----- Dataset extract -----

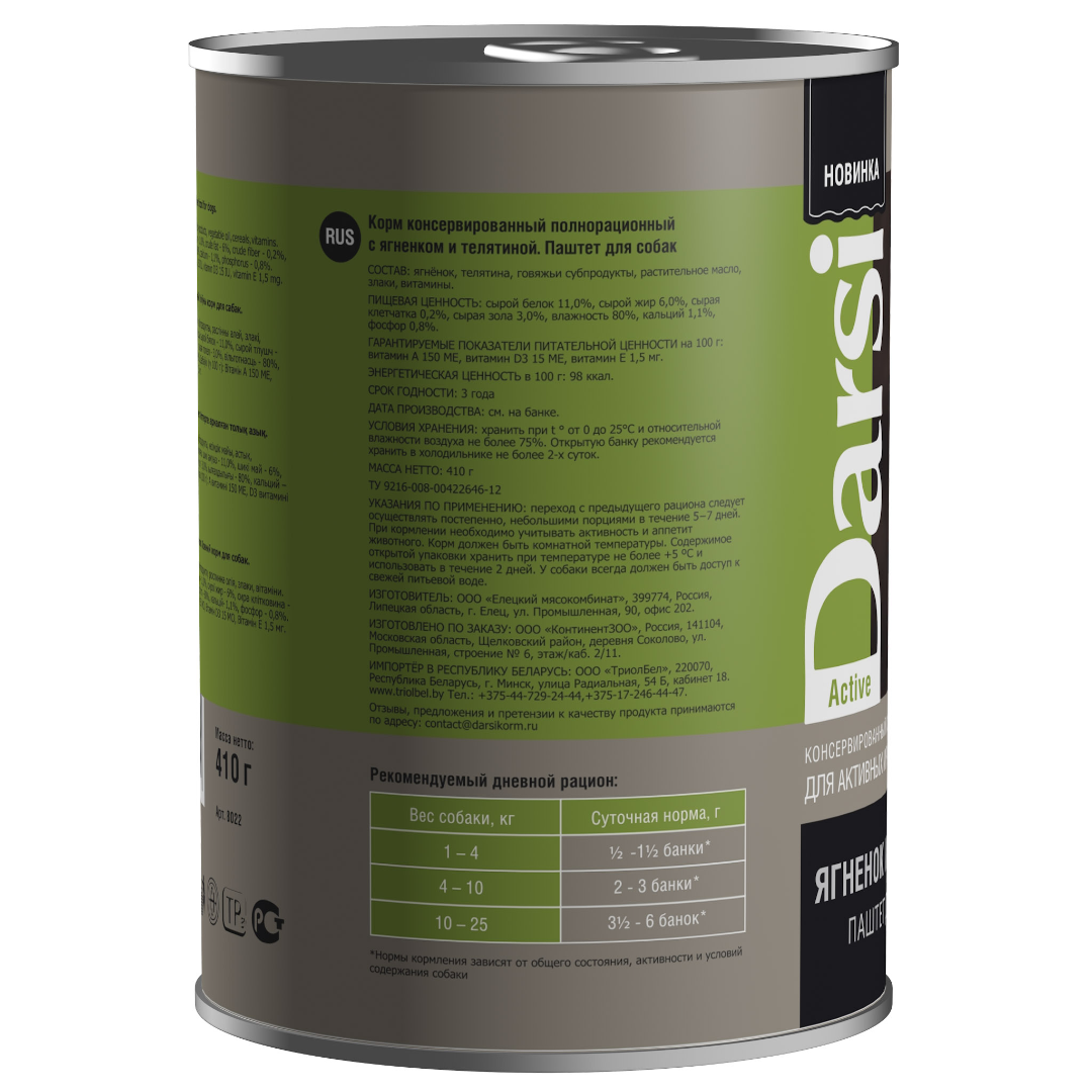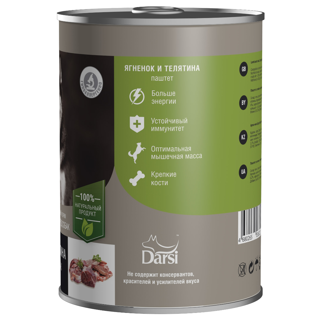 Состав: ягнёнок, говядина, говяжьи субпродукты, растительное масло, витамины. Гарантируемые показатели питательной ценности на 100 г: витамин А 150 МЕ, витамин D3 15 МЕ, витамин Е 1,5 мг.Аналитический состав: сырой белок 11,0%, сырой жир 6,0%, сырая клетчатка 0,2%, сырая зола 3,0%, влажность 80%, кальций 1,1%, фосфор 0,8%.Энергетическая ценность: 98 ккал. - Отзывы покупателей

-----
----- Dataset extract -----

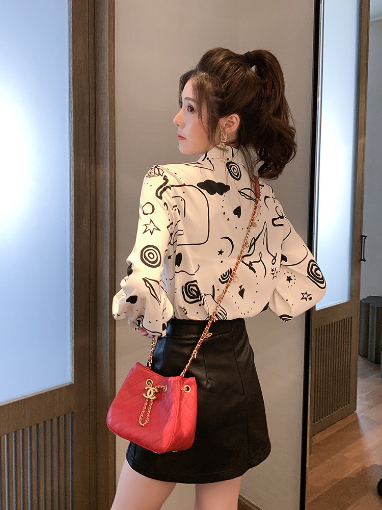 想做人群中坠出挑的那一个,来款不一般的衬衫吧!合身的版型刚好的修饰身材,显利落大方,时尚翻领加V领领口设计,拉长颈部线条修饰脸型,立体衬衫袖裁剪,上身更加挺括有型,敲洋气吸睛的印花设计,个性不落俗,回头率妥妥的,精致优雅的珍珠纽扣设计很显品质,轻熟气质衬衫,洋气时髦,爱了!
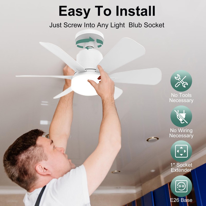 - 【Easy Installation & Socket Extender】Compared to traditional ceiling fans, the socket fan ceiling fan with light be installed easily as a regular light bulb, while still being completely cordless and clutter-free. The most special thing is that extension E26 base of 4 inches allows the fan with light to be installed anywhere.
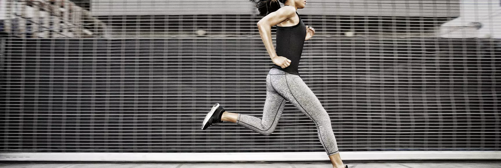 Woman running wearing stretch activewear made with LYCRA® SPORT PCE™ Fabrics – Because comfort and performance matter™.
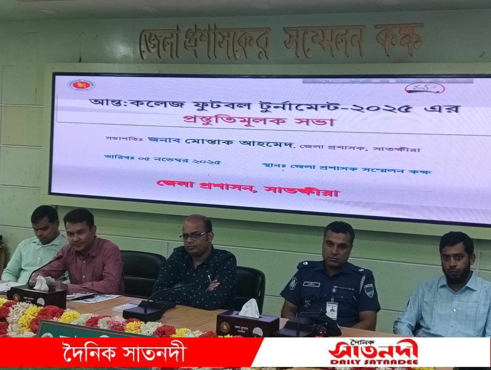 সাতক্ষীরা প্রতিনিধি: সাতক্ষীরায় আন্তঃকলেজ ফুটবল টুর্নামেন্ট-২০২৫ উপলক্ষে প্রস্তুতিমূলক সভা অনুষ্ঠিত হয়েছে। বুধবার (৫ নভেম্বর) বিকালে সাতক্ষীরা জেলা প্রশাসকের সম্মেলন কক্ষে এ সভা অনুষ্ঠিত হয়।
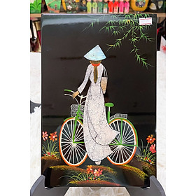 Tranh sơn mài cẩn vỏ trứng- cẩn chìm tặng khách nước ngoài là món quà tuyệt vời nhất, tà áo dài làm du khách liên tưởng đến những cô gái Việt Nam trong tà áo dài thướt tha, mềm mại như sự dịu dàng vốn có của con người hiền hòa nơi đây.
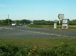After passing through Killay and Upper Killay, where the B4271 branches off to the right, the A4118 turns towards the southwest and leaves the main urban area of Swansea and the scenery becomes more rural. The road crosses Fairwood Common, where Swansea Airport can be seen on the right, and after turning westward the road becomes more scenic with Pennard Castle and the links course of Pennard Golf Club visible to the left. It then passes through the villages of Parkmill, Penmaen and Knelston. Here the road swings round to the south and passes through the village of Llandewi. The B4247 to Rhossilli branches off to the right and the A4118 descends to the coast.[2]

-----

What the task requires: Reproduce exactly the lines of the data above that run from the line with "想做人群中坠出挑的那一个,来" down to the line with "Tranh sơn mài", both ends included. Pictures do not belong in the copy.

Finished exercise:
 想做人群中坠出挑的那一个,来款不一般的衬衫吧!合身的版型刚好的修饰身材,显利落大方,时尚翻领加V领领口设计,拉长颈部线条修饰脸型,立体衬衫袖裁剪,上身更加挺括有型,敲洋气吸睛的印花设计,个性不落俗,回头率妥妥的,精致优雅的珍珠纽扣设计很显品质,轻熟气质衬衫,洋气时髦,爱了!
 - 【Easy Installation & Socket Extender】Compared to traditional ceiling fans, the socket fan ceiling fan with light be installed easily as a regular light bulb, while still being completely cordless and clutter-free. The most special thing is that extension E26 base of 4 inches allows the fan with light to be installed anywhere.
 Woman running wearing stretch activewear made with LYCRA® SPORT PCE™ Fabrics – Because comfort and performance matter™.
 সাতক্ষীরা প্রতিনিধি: সাতক্ষীরায় আন্তঃকলেজ ফুটবল টুর্নামেন্ট-২০২৫ উপলক্ষে প্রস্তুতিমূলক সভা অনুষ্ঠিত হয়েছে। বুধবার (৫ নভেম্বর) বিকালে সাতক্ষীরা জেলা প্রশাসকের সম্মেলন কক্ষে এ সভা অনুষ্ঠিত হয়।
 Tranh sơn mài cẩn vỏ trứng- cẩn chìm tặng khách nước ngoài là món quà tuyệt vời nhất, tà áo dài làm du khách liên tưởng đến những cô gái Việt Nam trong tà áo dài thướt tha, mềm mại như sự dịu dàng vốn có của con người hiền hòa nơi đây.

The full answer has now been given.